**Problem requirements**
Write out the entries below exactly, starting at the first line and stopping after the line that contains "Die Philips MASTER"; skip all pictures.

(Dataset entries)
==*==

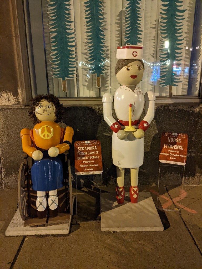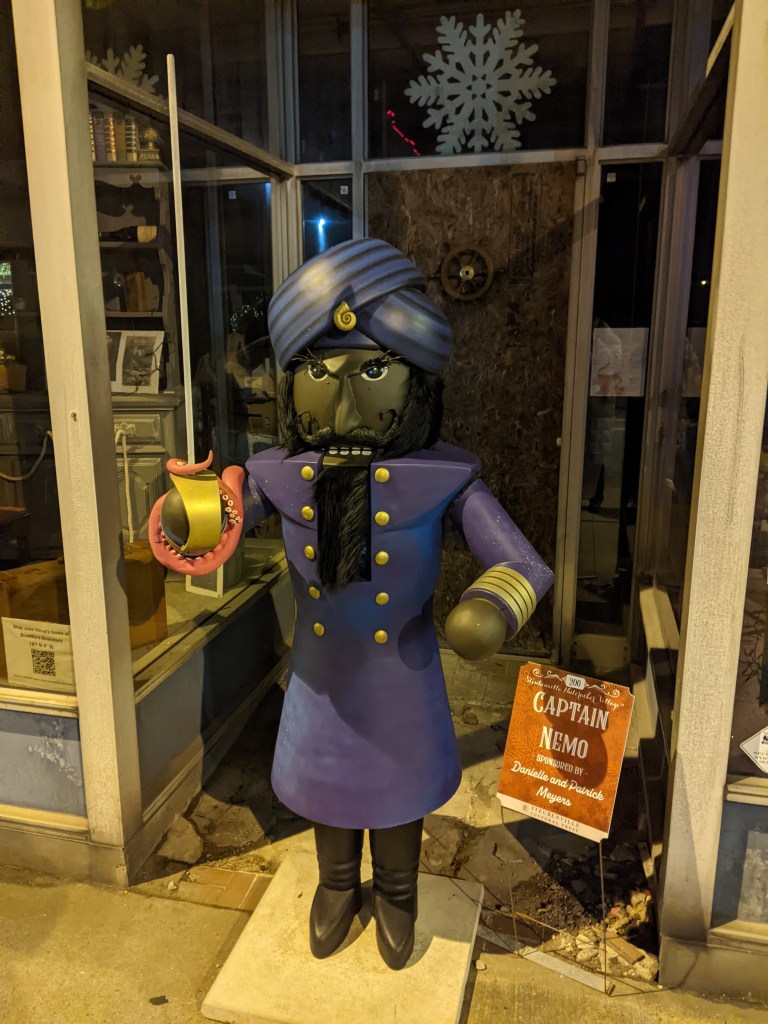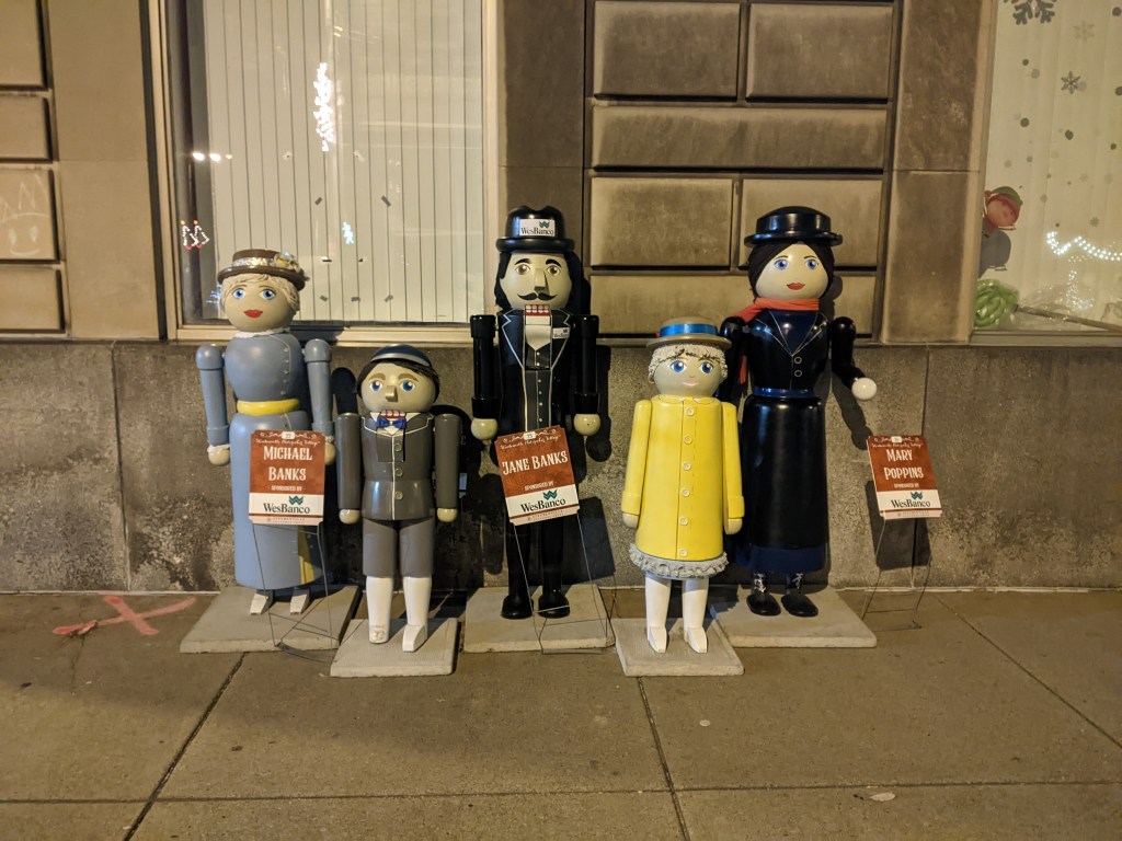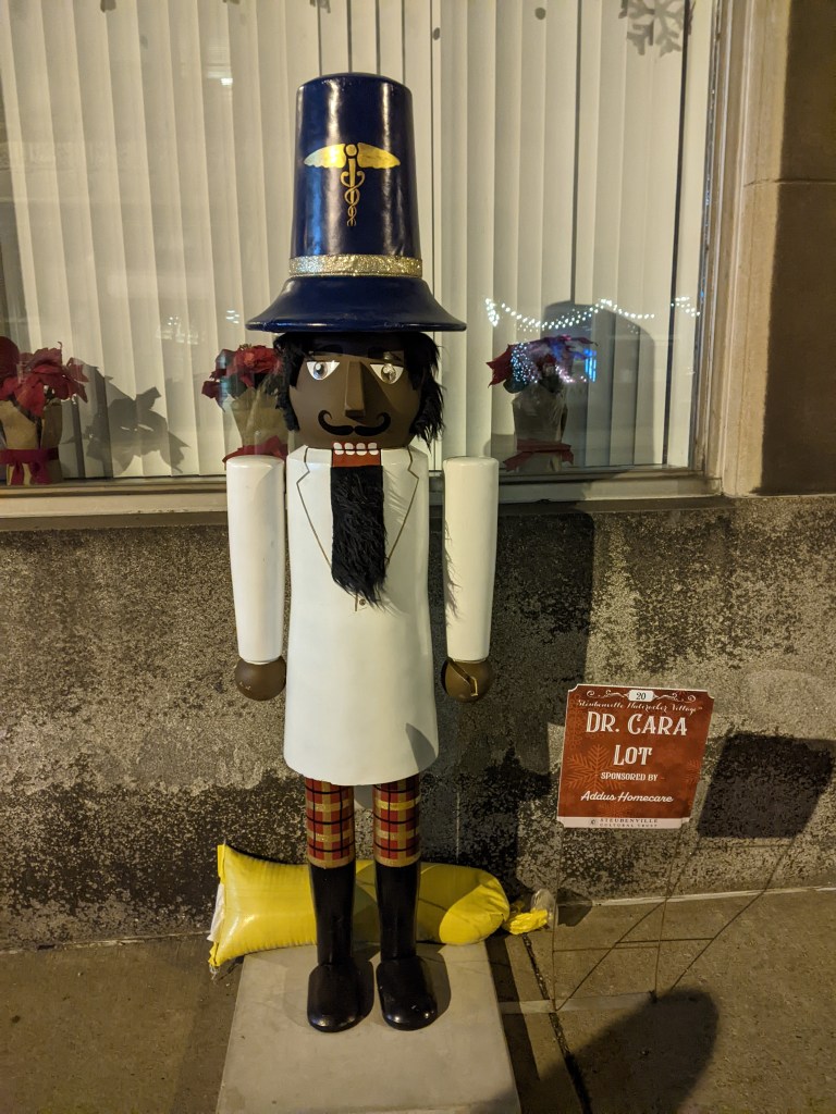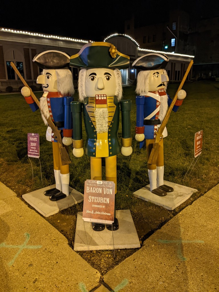 This season is the 10th anniversary of the Steubenville1 Nutcracker Village. Each year, the town of Steubenville, OH, sets out a growing number of human-sized nutcrackers each individually decorated. While they are advertised as 6-feet tall, there is some variation in their heights. A few, including “Santa Claus” and “Henry Harley Hank,” tower over the others. A few, including “Jane Banks” and “Michael Banks,” who I’m pretty sure are standing outside a bank, are eye-to-eye for children.
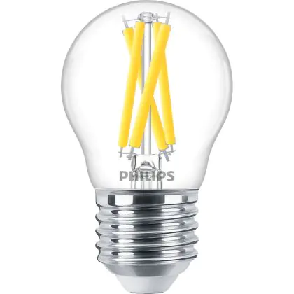 Die Philips MASTER LED E27 Kugel Fadenlampe Klar 3.5W 470lm - 922-927 Dim To Warm | Höchste Farbwiedergabe - Dimmbar - Ersatz Für 40W ist eine effiziente E27 LED-Lampe mit Retrodesign und der perfekte Ersatz für Ihre konventionellen 40W Lampen mit E27. Zudem strahlt sie Licht in der Farbtemperatur 2200K - 2700K Dim To Warm aus und punktet durch eine lange Lebensdauer.
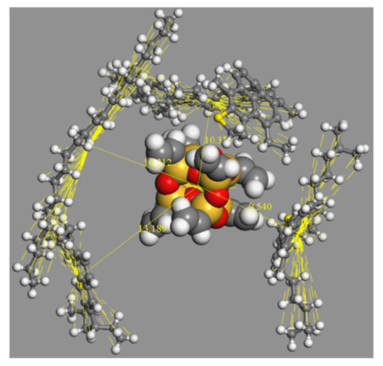 In this section, the distribution of asphalt molecules around nano-OvPOSS, nano-ZnO, and nano-SiO2 was analyzed to clarify the superiority of nano-OvPOSS as asphalt nano-modifier. The distance between the centroid of nanocluster and the centroid of asphalt molecule was taken as the distance between nanocluster and asphalt molecule. The cut off distance in the molecular dynamics process was set as 12.5 Å. With the inclusion of the distance between the centroid of nanocluster and its surface atoms which was about 2.5 Å, the cut off distance was therefore chosen to be 15 Å for data counting. Figure 14 shows the distribution explanatory drawing of asphaltene, resin, saturated hydrocarbon, and resinous oil around OvPOSS nanocluster. As is shown in the figure, the number of the asphaltene molecules around the OvPOSS nanocluster is 1, and the distance between the centroid of asphaltene molecule and the centroid of OvPOSS nanocluster is 10.4 Å; as for the resin molecule, the number is 1 and the distance is 9.5 Å; as for the saturated hydrocarbon molecule, the number is 1 and the distance is 10.3 Å; as for the resinous oil molecule, the number is 1 and the distance is 13.2 Å. In conclusion, the average distance between OvPOSS nanoclusters and asphalt molecules is 10.9 Å and the average number of asphalt molecules around the OvPOSS nanocluster is 1.
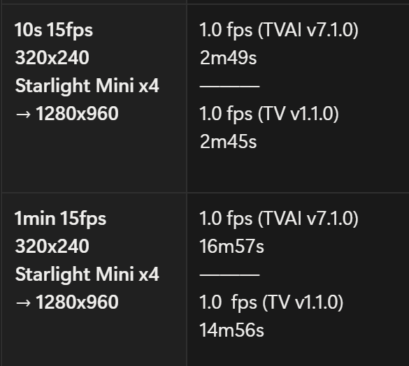 With my 1-minute test clip at a resolution of 320 × 240 and 15 frames per second, a 4× upscale to 1280 × 960 now takes only about 13 minutes instead of roughly 20 minutes.
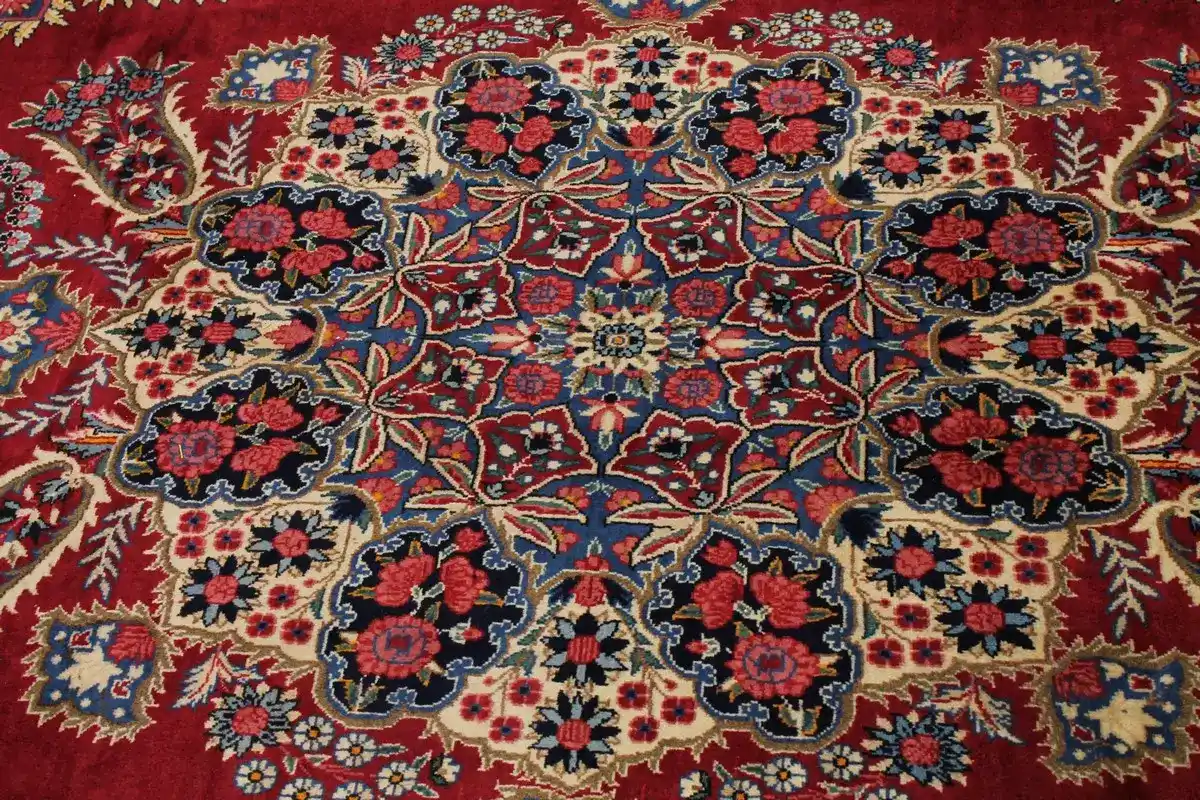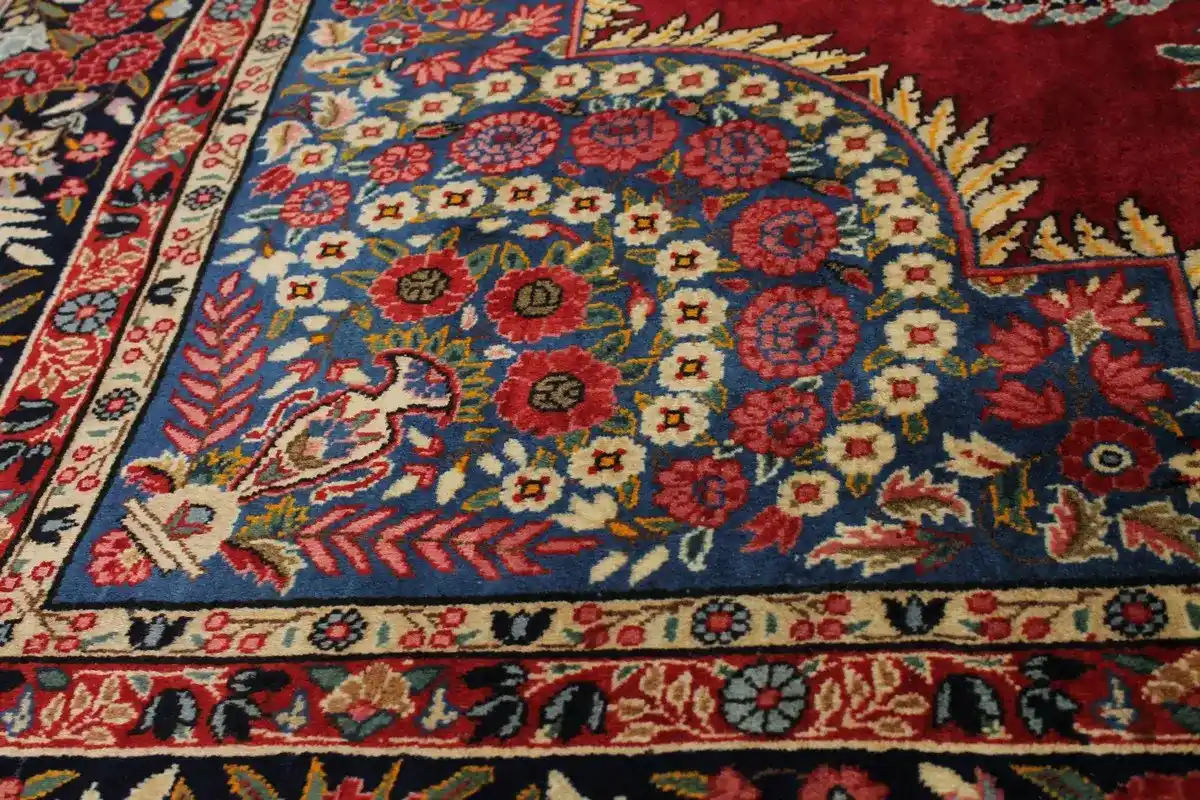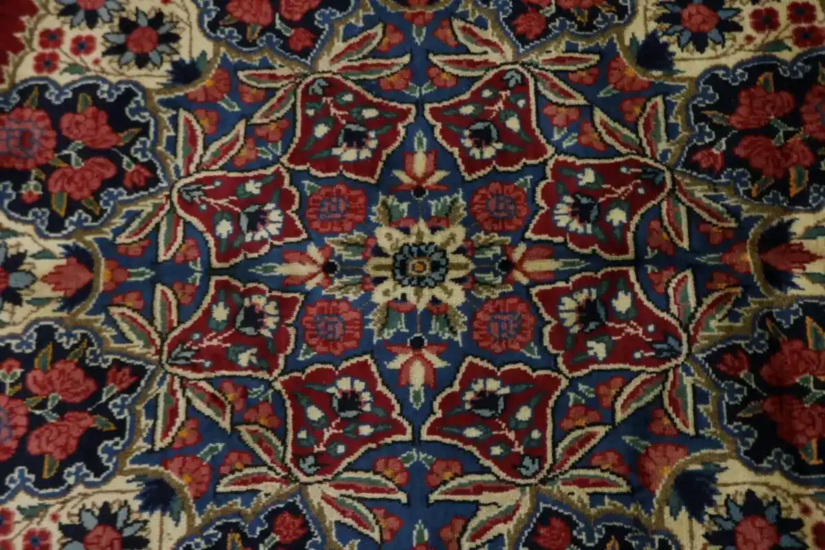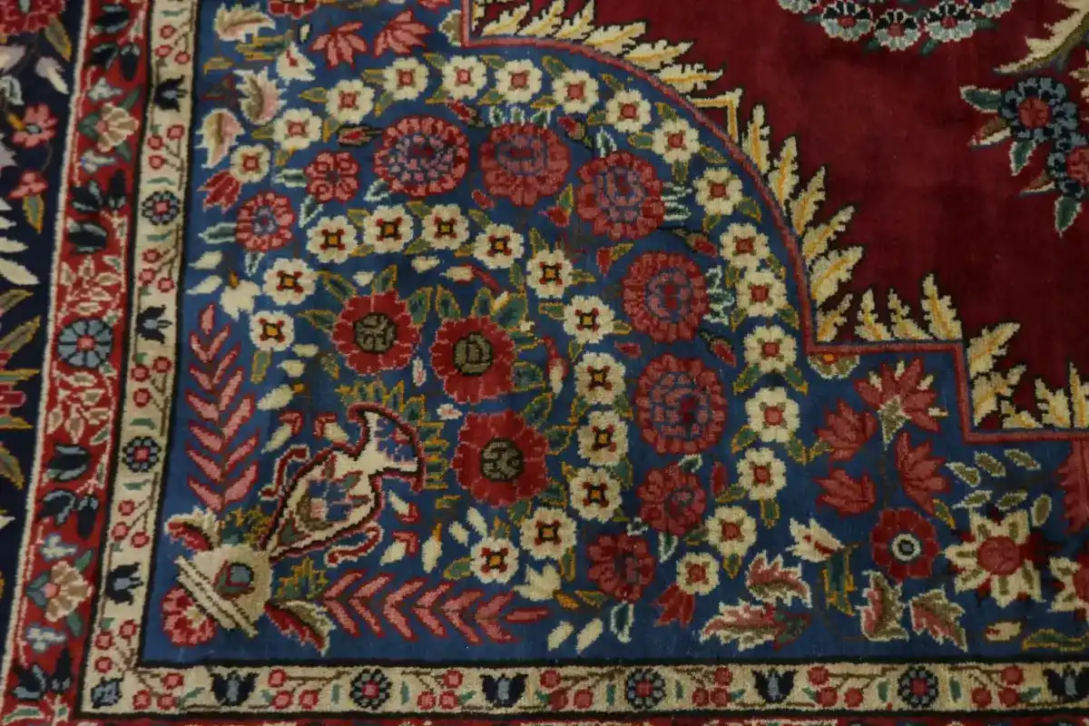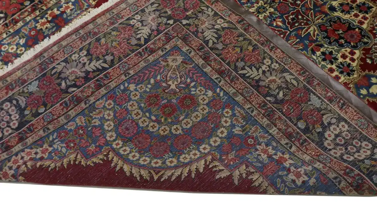 Handmade Persian rug made with vegetable dyes (fine wool pile and cotton foundation), exceptional knot count, and alluring ancient designs. This Oriental rug never will go out of style and would be among your most valuable treasures.

==*==

**Answer for the task**
 This season is the 10th anniversary of the Steubenville1 Nutcracker Village. Each year, the town of Steubenville, OH, sets out a growing number of human-sized nutcrackers each individually decorated. While they are advertised as 6-feet tall, there is some variation in their heights. A few, including “Santa Claus” and “Henry Harley Hank,” tower over the others. A few, including “Jane Banks” and “Michael Banks,” who I’m pretty sure are standing outside a bank, are eye-to-eye for children.
 Die Philips MASTER LED E27 Kugel Fadenlampe Klar 3.5W 470lm - 922-927 Dim To Warm | Höchste Farbwiedergabe - Dimmbar - Ersatz Für 40W ist eine effiziente E27 LED-Lampe mit Retrodesign und der perfekte Ersatz für Ihre konventionellen 40W Lampen mit E27. Zudem strahlt sie Licht in der Farbtemperatur 2200K - 2700K Dim To Warm aus und punktet durch eine lange Lebensdauer.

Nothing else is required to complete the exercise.